- Born: John Henry Rostill 16 June 1942 Kings Norton, Birmingham, Warwickshire, England
- Died: 26 November 1973 (aged 31) Radlett, Hertfordshire, England
- Genres: Rock and roll, country, pop
- Occupations: Bassist, musician, songwriter
- Instrument: Bass guitar
- Years active: 1962–1973
- Label: Columbia

= John Rostill =

English bass guitarist

John Henry Rostill (16 June 1942 – 26 November 1973) was an English musician, bassist and composer, recruited by the Shadows to replace Brian Locking in autumn 1963.

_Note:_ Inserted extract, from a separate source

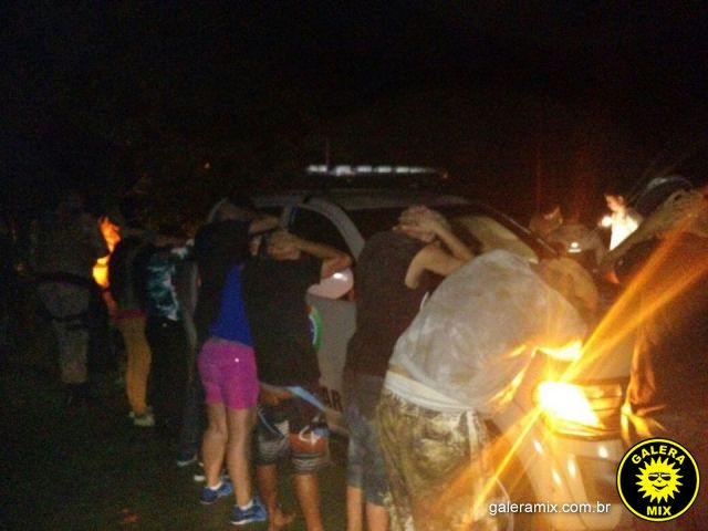 A PM realizava rondas pelo local quando avistou centenas de pessoas participando da farra. Farristas munidos de paus e pedras tentavam afugentar o animal.

He wrote many of the tunes by the Shadows including "The Rise and Fall of Flingel Bunt" in 1964. He wrote or co-wrote three songs in the 1970s which were massive hits for Olivia Newton-John in the United States—"Let Me Be There", "If You Love Me, Let Me Know" and "Please Mr. Please"—but died before seeing them succeed.

==Biography==
Born in Kings Norton, Birmingham, England, Rostill attended Rutlish School in south London (1953–59). He worked with several artists before joining the Shadows, including Bournemouth band The Interns (nowadays sometimes confused with Welsh band The Interns, who were based in London at this time signed with Tito Burns Agency; in fact, they were two different bands), the Flintstones and a stint as part of Zoot Money's early backing band. He also played in the bands recruited to back such visiting artists as the Everly Brothers and Tommy Roe.

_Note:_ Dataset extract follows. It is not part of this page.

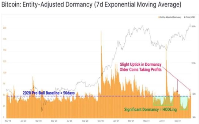 블록체인 데이터에 따르면 장기 비트코인 보유자들은 일부 이익을 취하기 시작했으며 이는 일반적으로 비트코인이 사상 최고치에 도달할 때 발생한다. 글래스노드(Glassnode)의 블로그 게시물에 따르면 현재 가격 주기를 기준으로 볼 때 장기 보유자의 차익은 강세장 단계의 끝에서 볼 수 있는 극단적 수준보다는 완만한 것으로 보인다.

Stylistically, Rostill combined the solidity of Brian Locking and the adventurousness of Jet Harris. Many of his bass lines were heavily syncopated and he developed a range of new sounds on the Burns bass during his time with the group, a longer period than Harris and Locking put together. To many players, Rostill was ahead of his time and included double-stopping in his technique. Unusually for that time, Rostill sometimes played bass finger-style as well as with a plectrum, depending on the sound he wanted.

After the Shadows' break-up at the end of the 1960s, Rostill toured with Tom Jones.

Rostill was a prolific songwriter, contributing to the Shadows' output from the start (both as a solo composer and as part of the mid-sixties "Marvin/Welch/Bennett/Rostill" team). This combination composed the hits "The Rise and Fall of Flingel Bunt" (a UK no. 5, 1964) and “Genie with the Light Brown Lamp" (UK no. 17, 1965) as well as all the tunes on the 1964 Rhythm & Greens EP.

They also wrote the Cliff Richard and the Shadows hits, "I Could Easily Fall (In Love with You)" (UK no. 6, 1964), "Time Drags By" (UK no. 10, 1966) and "In the Country" (UK no. 6, 1967).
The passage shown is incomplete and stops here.